Roundworms belong to the mixed type of helminths, since in the larval stage they migrate throughout the body and can parasitize in any organ. But becoming adults, they settle in one specific place - the small intestine.

The symptomatology of helminthiasis depends on the location of the helminths. For example, large helminths (bovine and pork tapeworm, wide tapeworm), becoming very large, are able to close the intestinal lumen. In this case, the normal functioning of the organs of the gastrointestinal tract is disrupted. With the localization of helminths in the heart, symptoms characteristic of diseases of cardiovascular diseases are observed, if the worms in a person are located in the lungs, the symptoms are the same as in diseases of the pulmonary system.

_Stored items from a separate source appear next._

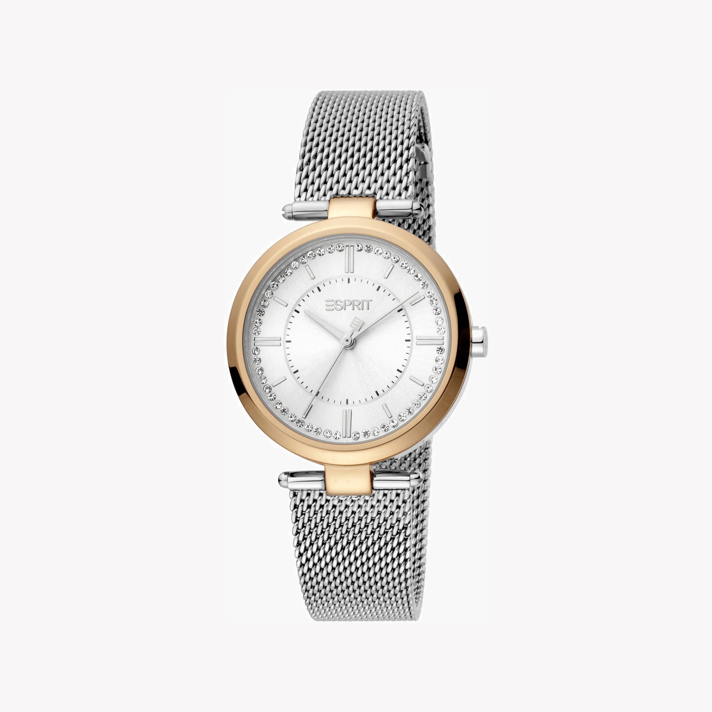 Esprit Women's Watch With Rose Gold Stainless Steel Case And Silver Stainless Steel Band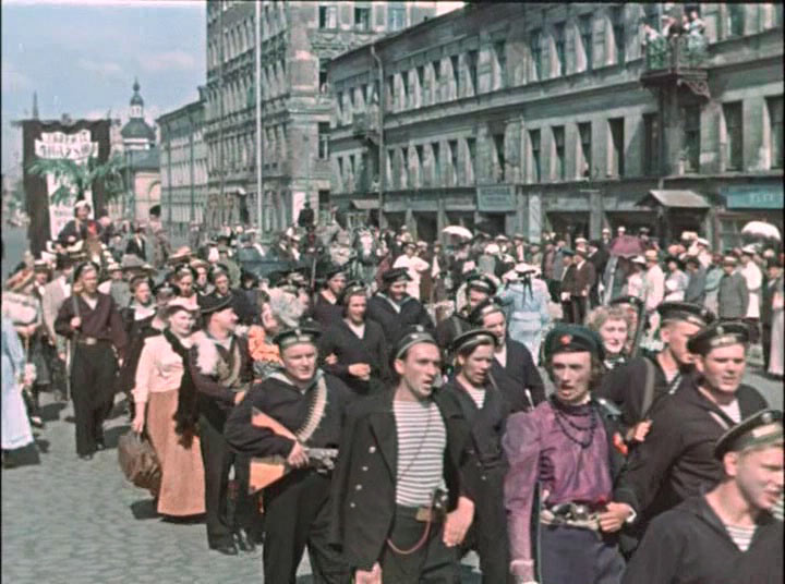 Но давайте обратимся к кинематографу. В фильме "Балтийская слава" от 1957 года мы чётко наблюдаем булыжник по 6-й и 7-й линиям в р-не от набережной до Академического пер. (фото№3).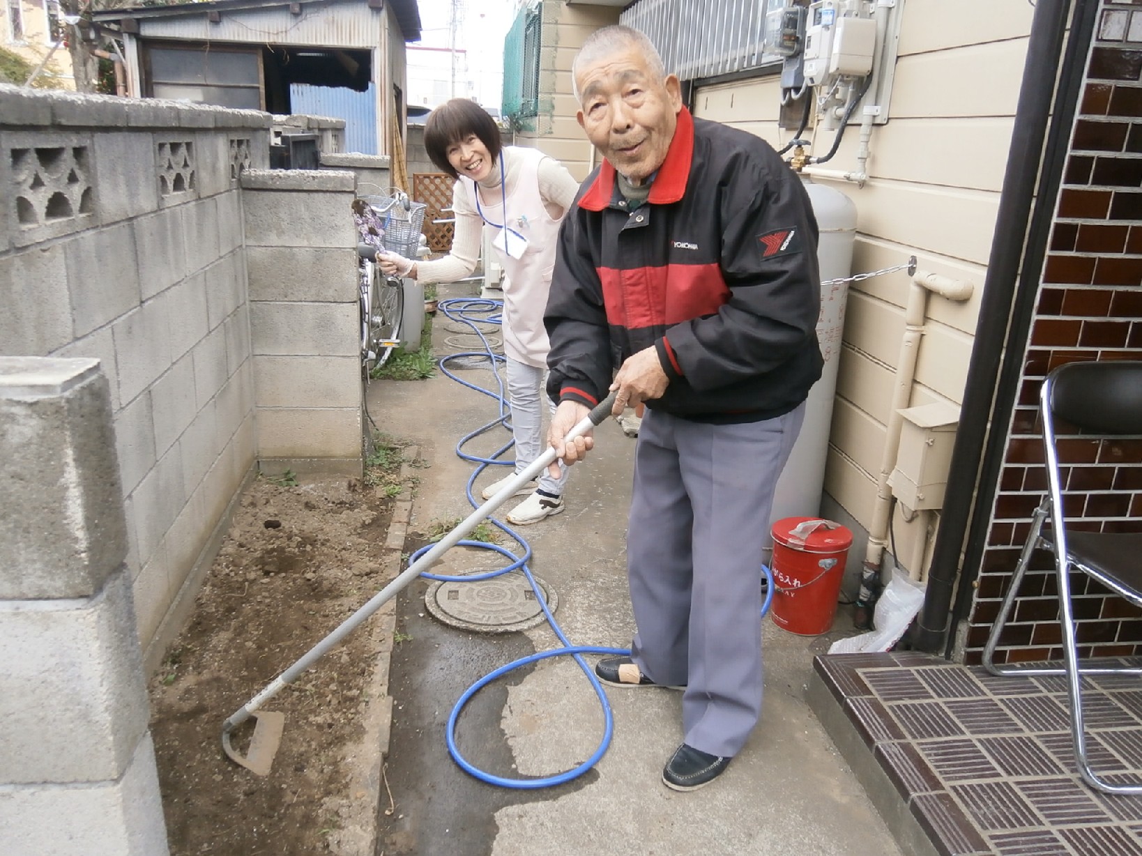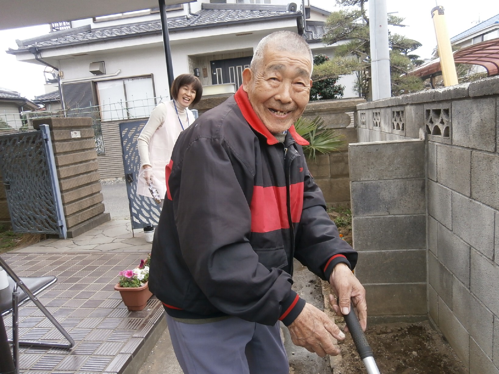 身体を動かすことが好きな男性の利用者様が、「えっさ、 ほいさ」と頑張って、土を耕してくださいます。
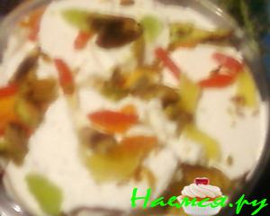 Слой мороженого,слой нектарина,затем слой мороженого,слой киви,слой мороженого,слой винограда,слой мороженого,слой орехов,слой мороженого,весь верх посыпать тёртым шоколадом

For this reason, it is very difficult to suspect the presence of a parasite in the body, since the symptoms of helminthic invasion do not have clear symptoms, but are similar to the symptoms of other diseases.

Intestinal worms

Worms parasitizing in the intestines are the most common pattern. Recognizing them in the gastrointestinal tract is difficult, but not impossible. There are a number of basic symptoms that eloquently demonstrate the presence of parasites in the digestive system:

  1. Indigestion. Constipation can be due to the fact that helminths cause intestinal obstruction, but at the same time, toxic substances provoke diarrhea. Bloating, nausea and vomiting, flatulence, and enzymatic disorders are also observed. In addition, these symptoms can accompany a person for many years.
  2. Weight loss. This is a very important symptom, since the presence of parasites in the body contributes to a deterioration in appetite, which interferes with the absorption of nutrients, vitamins and trace elements. As a result, a person is depleted and thinner. However, in some cases, the appetite increases, since the worms in a person absorb most of the nutrients, then the person constantly wants to eat. He may even get better, but more often, of course, a person weakens and loses weight.

Parasites in the lungs

The larvae of some helminths very often parasitize in the lungs, except for the main worms, which live there permanently. In this case, symptoms characteristic of diseases of the pulmonary system are observed. Worms in a person's lungs are a very dangerous phenomenon that can lead to disability and disability, and sometimes even to a terminal state. If worms were found in the lungs, then they must be destroyed with the help of antihelminthic drugs.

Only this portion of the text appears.